WORK INSTRUCTION =
The reply is to contain the full listing, repeated exactly, with pictures left out.

SUPPLIED DATA =
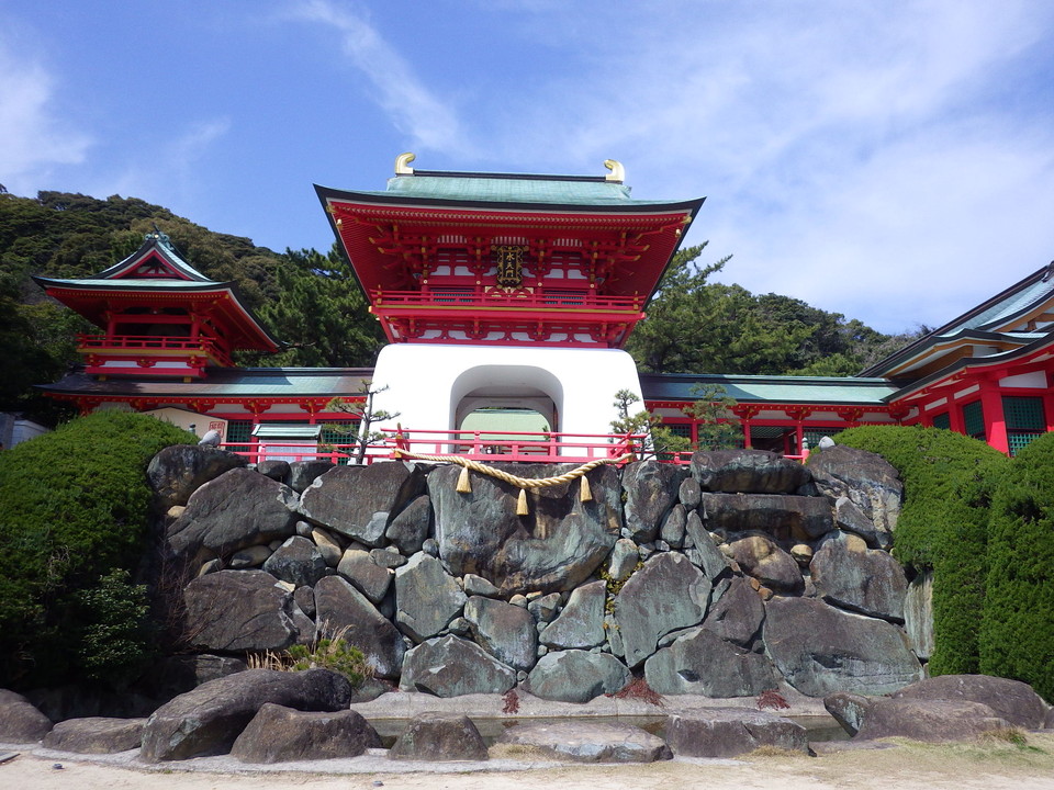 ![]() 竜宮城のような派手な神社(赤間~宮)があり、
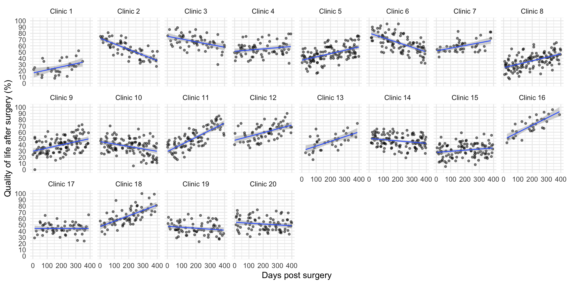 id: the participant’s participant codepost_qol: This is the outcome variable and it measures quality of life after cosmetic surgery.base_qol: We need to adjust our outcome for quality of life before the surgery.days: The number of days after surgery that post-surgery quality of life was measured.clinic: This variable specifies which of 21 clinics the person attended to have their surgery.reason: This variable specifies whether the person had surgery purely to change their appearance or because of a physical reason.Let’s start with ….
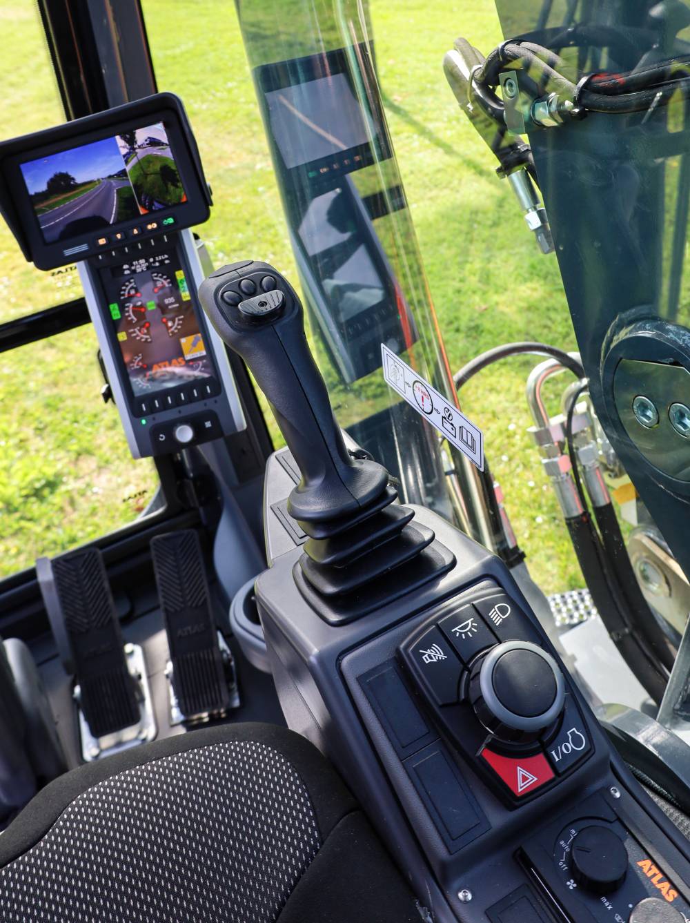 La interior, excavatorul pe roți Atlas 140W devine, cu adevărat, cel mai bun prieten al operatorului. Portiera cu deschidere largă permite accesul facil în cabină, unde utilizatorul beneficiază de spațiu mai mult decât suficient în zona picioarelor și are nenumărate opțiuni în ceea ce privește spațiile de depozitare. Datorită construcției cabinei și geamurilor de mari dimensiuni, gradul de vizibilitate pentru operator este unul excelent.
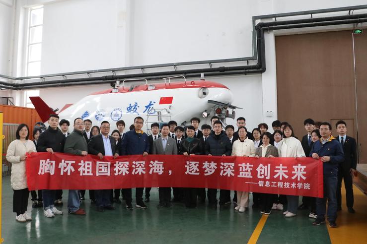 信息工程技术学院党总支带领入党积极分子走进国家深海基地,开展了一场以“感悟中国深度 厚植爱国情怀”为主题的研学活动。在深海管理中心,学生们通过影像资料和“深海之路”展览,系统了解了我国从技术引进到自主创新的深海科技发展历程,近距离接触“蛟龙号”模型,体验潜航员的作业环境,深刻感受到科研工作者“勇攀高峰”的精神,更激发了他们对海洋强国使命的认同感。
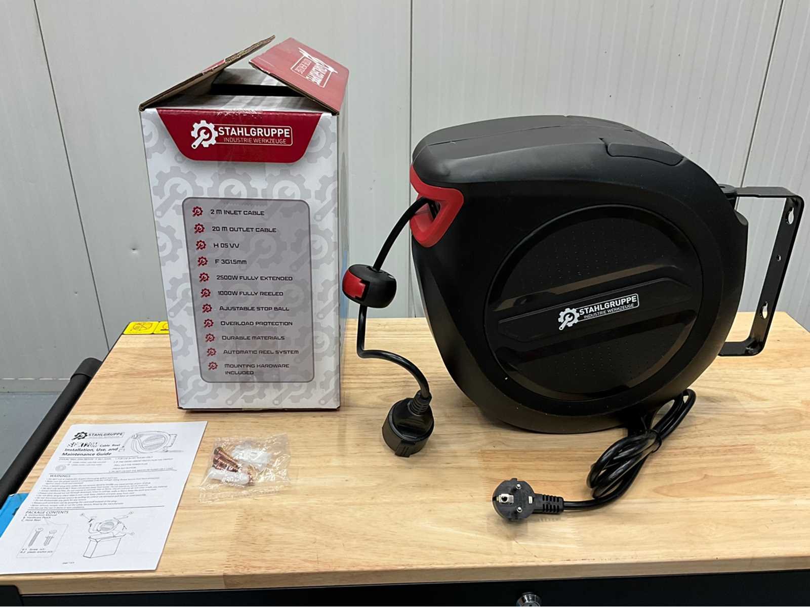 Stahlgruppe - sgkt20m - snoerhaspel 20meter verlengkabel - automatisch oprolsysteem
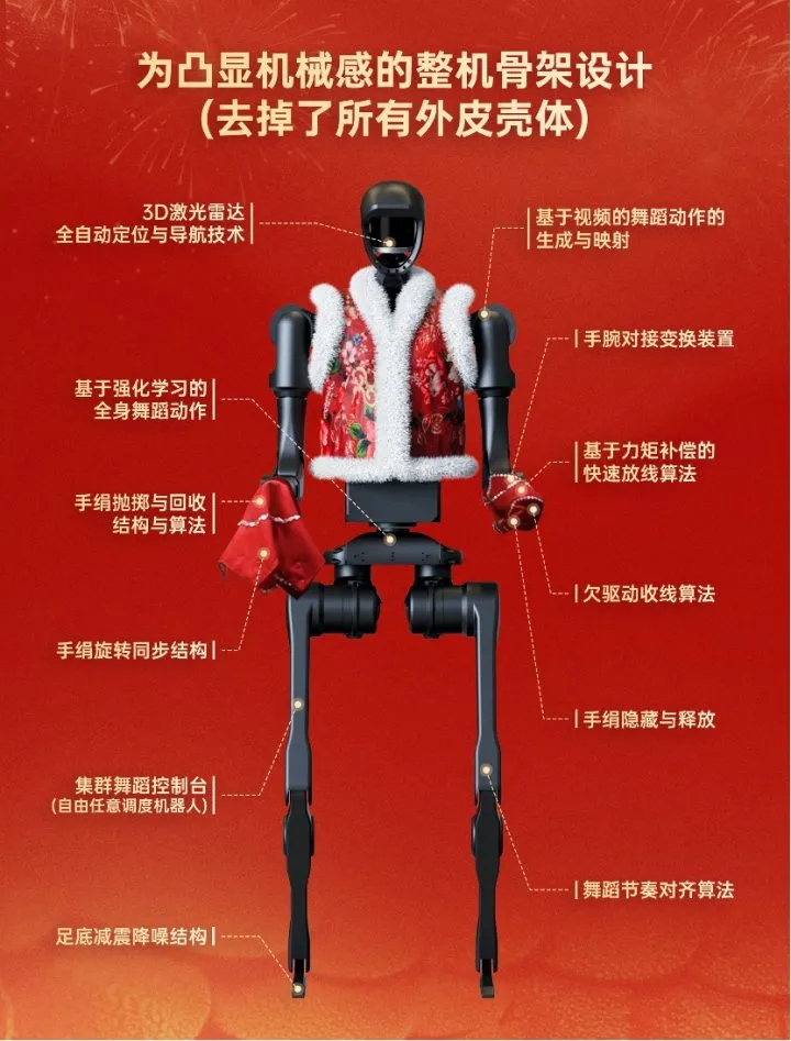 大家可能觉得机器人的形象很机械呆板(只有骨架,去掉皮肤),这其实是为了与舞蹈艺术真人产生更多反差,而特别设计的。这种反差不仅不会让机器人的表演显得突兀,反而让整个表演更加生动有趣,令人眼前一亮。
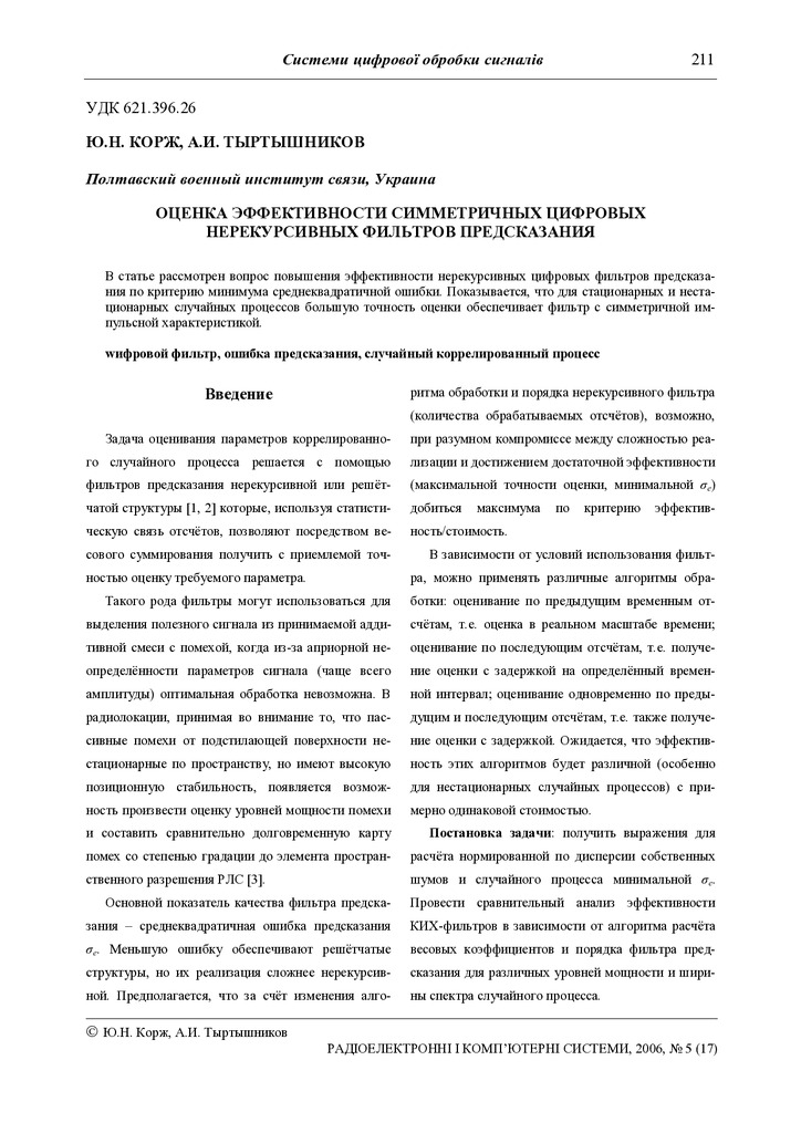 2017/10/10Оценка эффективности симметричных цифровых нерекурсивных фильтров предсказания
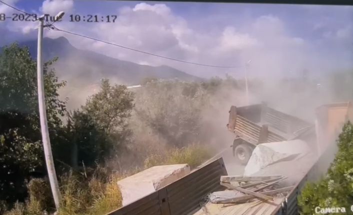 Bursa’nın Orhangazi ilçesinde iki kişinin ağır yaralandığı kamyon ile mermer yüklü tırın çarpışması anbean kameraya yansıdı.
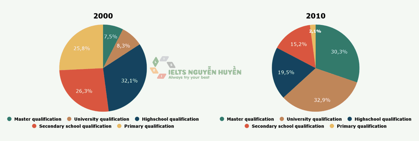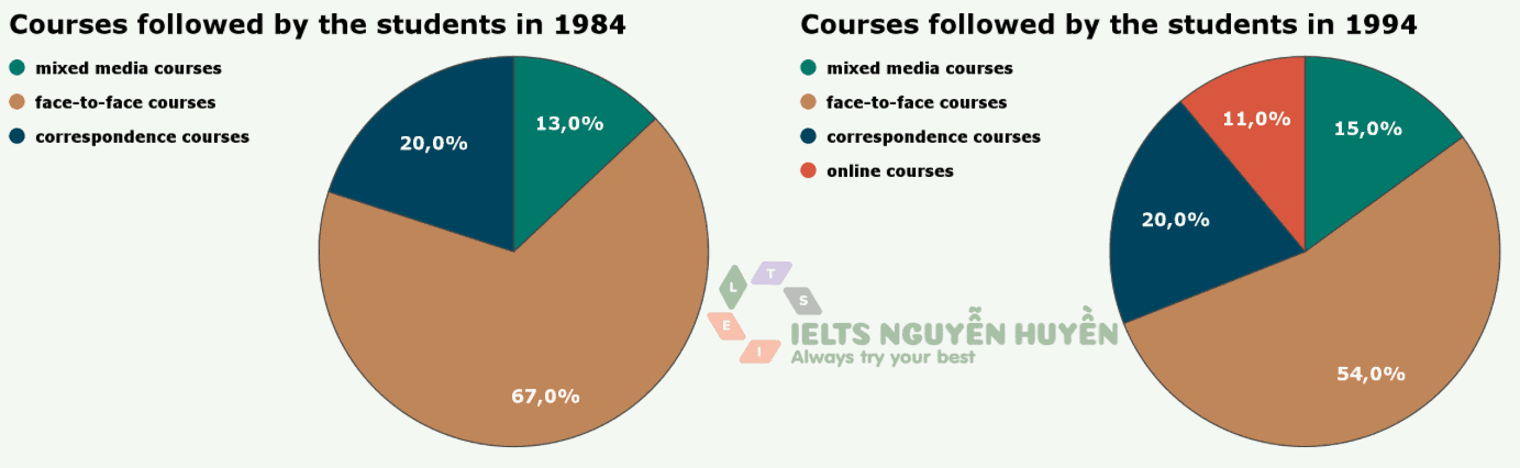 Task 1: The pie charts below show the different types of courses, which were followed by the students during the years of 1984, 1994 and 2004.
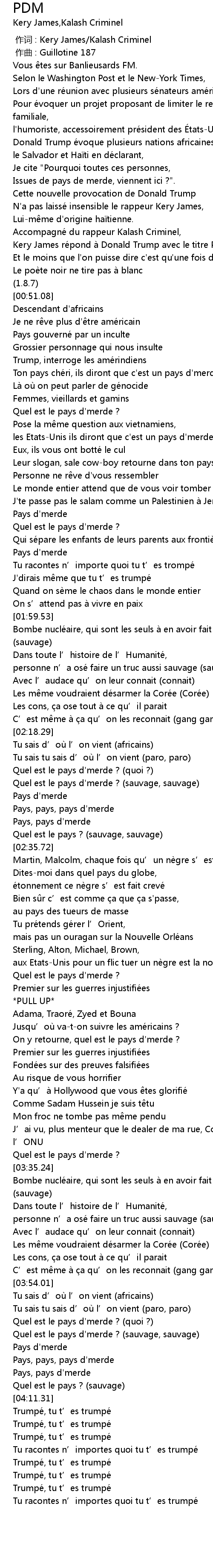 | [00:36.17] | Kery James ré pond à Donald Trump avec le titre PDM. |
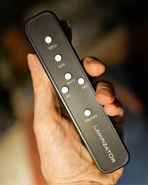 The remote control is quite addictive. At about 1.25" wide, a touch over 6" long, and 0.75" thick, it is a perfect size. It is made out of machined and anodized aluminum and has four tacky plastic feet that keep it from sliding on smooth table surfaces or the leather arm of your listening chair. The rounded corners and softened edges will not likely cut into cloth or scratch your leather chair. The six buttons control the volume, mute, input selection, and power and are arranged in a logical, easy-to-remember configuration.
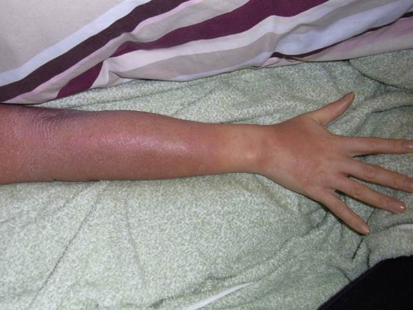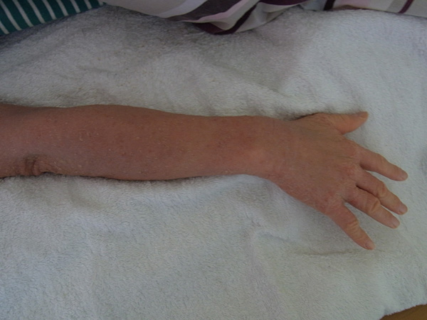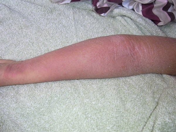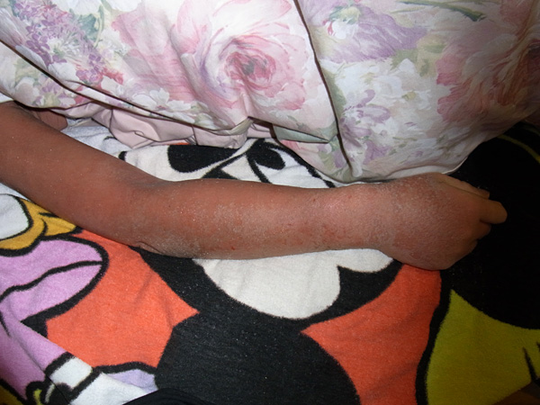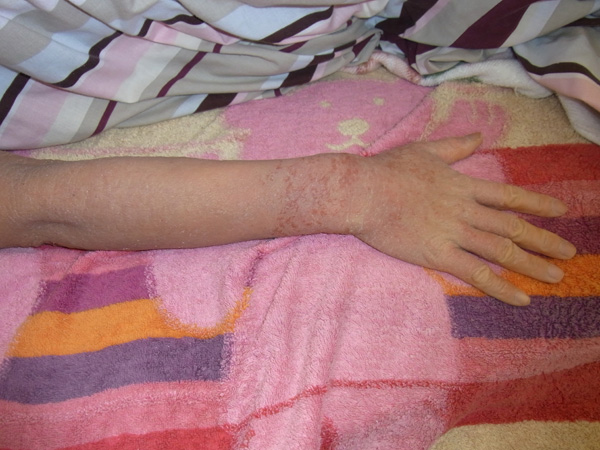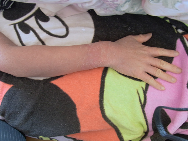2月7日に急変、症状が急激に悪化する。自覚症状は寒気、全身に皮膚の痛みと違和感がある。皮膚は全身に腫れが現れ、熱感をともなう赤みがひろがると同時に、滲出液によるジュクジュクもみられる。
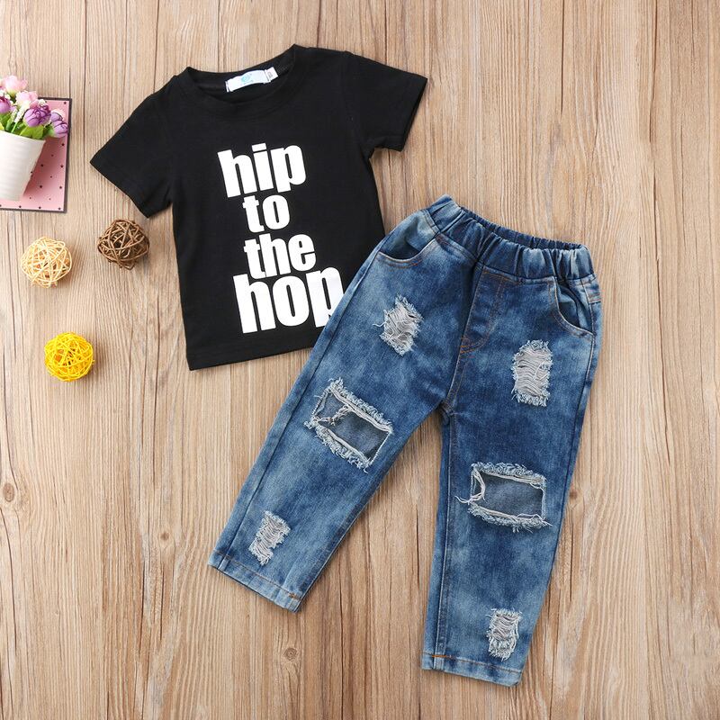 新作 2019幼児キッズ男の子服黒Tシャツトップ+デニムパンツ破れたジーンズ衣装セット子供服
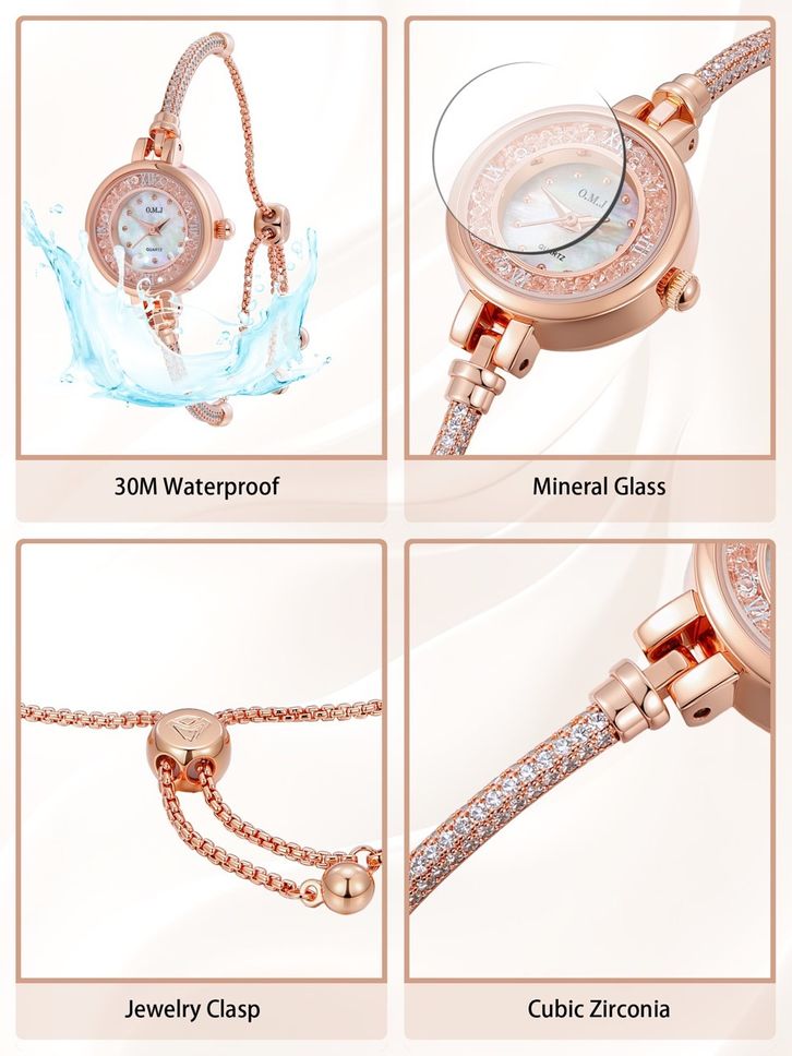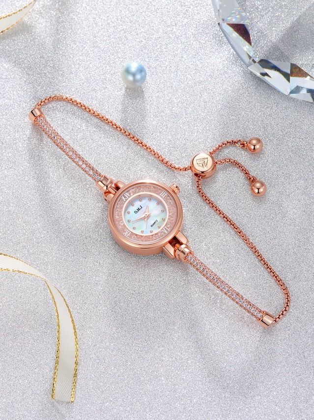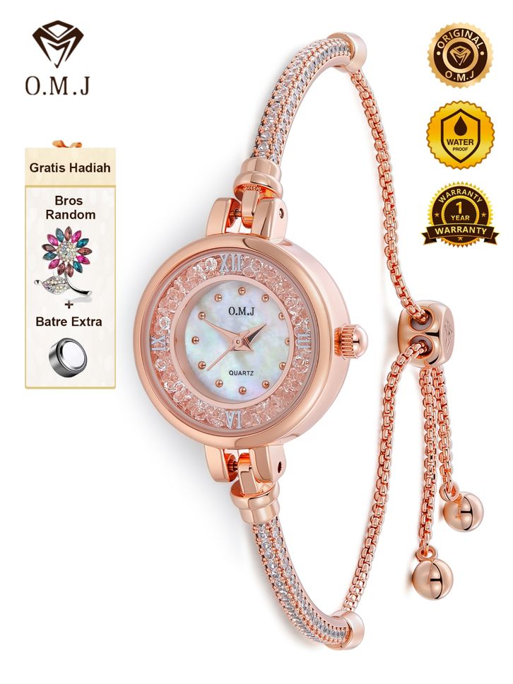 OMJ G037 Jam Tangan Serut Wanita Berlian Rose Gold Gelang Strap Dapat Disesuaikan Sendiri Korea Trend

RESPONSE TO THIS TASK =
 ![]() 竜宮城のような派手な神社(赤間~宮)があり、
 id: the participant’s participant codepost_qol: This is the outcome variable and it measures quality of life after cosmetic surgery.base_qol: We need to adjust our outcome for quality of life before the surgery.days: The number of days after surgery that post-surgery quality of life was measured.clinic: This variable specifies which of 21 clinics the person attended to have their surgery.reason: This variable specifies whether the person had surgery purely to change their appearance or because of a physical reason.Let’s start with ….
 La interior, excavatorul pe roți Atlas 140W devine, cu adevărat, cel mai bun prieten al operatorului. Portiera cu deschidere largă permite accesul facil în cabină, unde utilizatorul beneficiază de spațiu mai mult decât suficient în zona picioarelor și are nenumărate opțiuni în ceea ce privește spațiile de depozitare. Datorită construcției cabinei și geamurilor de mari dimensiuni, gradul de vizibilitate pentru operator este unul excelent.
 信息工程技术学院党总支带领入党积极分子走进国家深海基地,开展了一场以“感悟中国深度 厚植爱国情怀”为主题的研学活动。在深海管理中心,学生们通过影像资料和“深海之路”展览,系统了解了我国从技术引进到自主创新的深海科技发展历程,近距离接触“蛟龙号”模型,体验潜航员的作业环境,深刻感受到科研工作者“勇攀高峰”的精神,更激发了他们对海洋强国使命的认同感。
 Stahlgruppe - sgkt20m - snoerhaspel 20meter verlengkabel - automatisch oprolsysteem
 大家可能觉得机器人的形象很机械呆板(只有骨架,去掉皮肤),这其实是为了与舞蹈艺术真人产生更多反差,而特别设计的。这种反差不仅不会让机器人的表演显得突兀,反而让整个表演更加生动有趣,令人眼前一亮。
 2017/10/10Оценка эффективности симметричных цифровых нерекурсивных фильтров предсказания
 Bursa’nın Orhangazi ilçesinde iki kişinin ağır yaralandığı kamyon ile mermer yüklü tırın çarpışması anbean kameraya yansıdı.
 Task 1: The pie charts below show the different types of courses, which were followed by the students during the years of 1984, 1994 and 2004.
 | [00:36.17] | Kery James ré pond à Donald Trump avec le titre PDM. |
 The remote control is quite addictive. At about 1.25" wide, a touch over 6" long, and 0.75" thick, it is a perfect size. It is made out of machined and anodized aluminum and has four tacky plastic feet that keep it from sliding on smooth table surfaces or the leather arm of your listening chair. The rounded corners and softened edges will not likely cut into cloth or scratch your leather chair. The six buttons control the volume, mute, input selection, and power and are arranged in a logical, easy-to-remember configuration.
2月7日に急変、症状が急激に悪化する。自覚症状は寒気、全身に皮膚の痛みと違和感がある。皮膚は全身に腫れが現れ、熱感をともなう赤みがひろがると同時に、滲出液によるジュクジュクもみられる。
 新作 2019幼児キッズ男の子服黒Tシャツトップ+デニムパンツ破れたジーンズ衣装セット子供服
 OMJ G037 Jam Tangan Serut Wanita Berlian Rose Gold Gelang Strap Dapat Disesuaikan Sendiri Korea Trend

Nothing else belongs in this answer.